Overview of Analyses
To determine the predictive accuracy of the scale, the AUC derived from the receiver operating characteristic (ROC) analysis was used as it is the most recommended and reported statistics for reporting predictive accuracy of risk scales for fixed follow-up times (Rice & Harris, 2005). The AUC is an effect size and measure of accuracy of a diagnostic test. In general, greater AUC values indicate better test performance. AUC values range from 0.5 (no diagnostic ability) to 1.0 (perfect diagnostic ability). Therefore, higher AUCs indicate that the model is better able to discriminate between individuals who experience the event compared with those that do not (Hosmer et al., 2013). For the current study, higher AUC values indicated that the model was better able to discriminate between youth who have re-offended vs. those who did not.

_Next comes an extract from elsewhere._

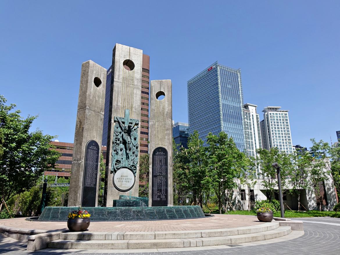 서소문 역사공원도 그 가운데 한 곳입니다. 1801년 신유박해부터 1866년 병인박해까지 103명의 천주교인이 처형된 형장으로 ‘서문 밖 순교지’로 불리던 이곳이 2019년 6월 서소문 역사공원으로 새롭게 개방됐습니다. 여기서 처형된 사람은 천주교인만이 아니었죠. 조선시대에는 사람들에게 경각심을 주고 소문을 더 확산하기 위해 사람들의 왕래가 잦은 곳에서 국사범들을 처형하곤 했는데, 당시 저잣거리였던 서소문 밖도 이러한 이유에서 1416년(태종 16) 서울의 주요 형장(刑場)으로 지정되었습니다. 광해군 때 ‘홍길동전’의 저자이자 학자였던 허균이 서자를 차별대우하는 사회제도에 반대하다 참형된 것을 비롯해 홍경래의 난과 임오군란, 갑신정변 주도자들이 이곳에서 참수되었죠. 또한 동학혁명 지도자 김개남과 동학의 2세 교조인 해월 최시형이 고난을 받은 곳으로 동학과도 밀접한 관계가 있는 장소입니다.

Survival analyses were conducted to examine whether lower risk and higher strength scores on the YASI related to more successful outcomes (i.e., no recidivism or longer periods until recidivism). The Cox regression model was chosen given that it is more robust than other methods (Allison, 1995) and most used in the field (Tabachnick & Fidell, 2013). The Cox regression survival analysis is a multiple linear regression that examines the relation between the incidence of an event and a set of covariates (Bradburn et al., 2003). In the Cox regression model, the exponent(B) is named hazard ratios to represent the ratio of the incidence of the event happening to the incidence of the event not happening (Bradburn et al., 2003). A hazard ratio value greater than one suggests that survival time declines (i.e., recidivism happens faster), whereas a hazard ratio value less than one suggests that survival time increases (i.e., recidivism took longer, if at all; Tabachnick & Fidell, 2013). The proportional hazards assumption was tested for all models for the risk and strength total scores. For the models in which the assumption was not met, the time-dependent covariate was included in the model (Kleinbaum & Klein, 2012).
Improvement Target for Decision-Making
After a thorough examination of the literature, no specific improvement targets were noted specific to the tool or to the field, or more generally. In general, the predictive accuracy of assessment tools for justice-involved individuals is small to large, with AUC values between .63 to .78 (Brown et al., 2020; Singh et al., 2011). More specifically for the YASI pre-screen, predictive accuracy is generally negligible to moderate (AUC values = .55 - .79; Baird et al., 2013; Orbis Partners, 2007; Scott et al., 2019). The effect sizes of the AUCs will be compared with respect to being small (.56), medium (.64), and large (.71; Rice & Harris, 2005). The 95% confidence intervals of the AUCs of the original method compared with the other weighting methods will be evaluated. If the confidence intervals do not overlap and the AUC value is higher than the original method, this would indicate that the weighting method had better predictive accuracy compared with the original method. This decision was made by the research team given the lack of benchmarks available in the literature for comparisons or criteria of improvement in fit.
Results
Calibration Sample
Predictive Accuracy
In the calibration sample, risk scores did not significantly differ for general recidivism. For violent dispositions, logistic regression outperformed the original weighting method, increasing the effect size from small-medium to large. See Table S2 in Supplementary Materials. Notably, the 95% confidence intervals for the AUCs produced by the logistic regression weighting method overlapped the original method, except for predicting violent dispositions. Therefore, there was an improvement from a small-medium to a large effect size from the original method to the logistic regression weighting method.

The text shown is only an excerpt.